Sometimes travel isn't measured by the distance or the time spent, but by the sense of escape attained. That's what Saturday was like for me.

An author speaking at the Carmel Valley Village library caught my eye, so at 9 AM I embarked on a gorgeous drive, heading south from my parent's house near Monterey over the Laureles Grade and into Carmel Valley. It was clear and warm, with sculpted clouds accentuating the far-flung landscape. Looking at a map, I realized that Carmel Valley Road runs roughly parallel to Highway One: the two roads embrace Los Padres National Forest, so I was viewing the back of the coast range, the back side of Big Sur. No wonder it was fabulous. Winter rains have left the grasslands brilliantly verdant and wildflowers are beginning to bloom. An orchard of still-dormant, gnarled mossy trees rose above a blanket of mustard flowers. Rugged mountains (yes! over 4,500 feet) soared up from the valley floor, a patchwork of oak and scrubland and rock and meadow.

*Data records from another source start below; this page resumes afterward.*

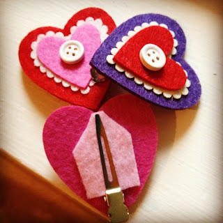 I found these felt hearts in a six-pack at World Market, with mini clothes pins attached. I pulled those babies off and got me some super craft glue and attached a piece of felt and clippies instead. Cute, yes? I plan to give some extras to friends.
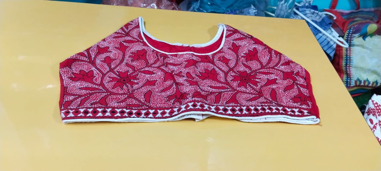 All over Kantha Stitch ready Blouse Red
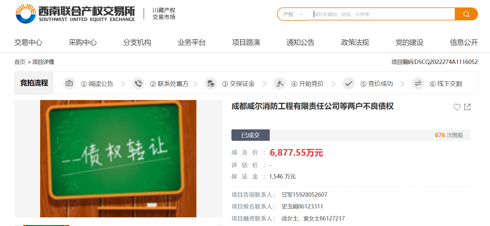 12月30日,該專區(qū)“成都威爾消防工程有限公司等兩戶不良債權(quán)”以6877.55萬元成交,實(shí)現(xiàn)溢價(jià)處置,較掛牌價(jià)溢價(jià)1725萬元,溢價(jià)率達(dá)33%,較預(yù)計(jì)回現(xiàn)價(jià)溢價(jià)3512萬元,溢價(jià)率達(dá)104%,首單業(yè)務(wù)取得圓滿收官。

It reminded me of Malibu: the wild terrain tamed by a few roads, the panoramic views, the multi-million dollar homes. It seems like the immense wealth actually does infuse the air out there--I could smell it and taste it. Wineries, horses, tennis courts, and those palacial houses, scattered in the wilderness. Vanity vineyards--small residential plots of grapes--dot the terrain. A store displayed statuary of a massive scale: marble columns, enormous fountains, carved animals.

All the rampant wealth notwithstanding, it's a place of rapturous beauty on a spring day. After the library event, I strolled, I had a coffee, I popped into a few stores and then concluded with... a spontaneous photo safari! Mix is a store with a couple of acres devoted to large-scale imports for the garden from Southeast Asia. After a recent photography workshop, I was eager to try some of my new tricks on their photogenic merchandise.

An hour of photography, half an hour from home, was a low-budget vacation. It was the sense of leisure, more than the activities, that I carved out of a pedestrian Saturday morning that left me feeling refreshed and transported, having had a brief window into the lives of folks just over the hill, in a destination predictably embraced by the Beautiful People.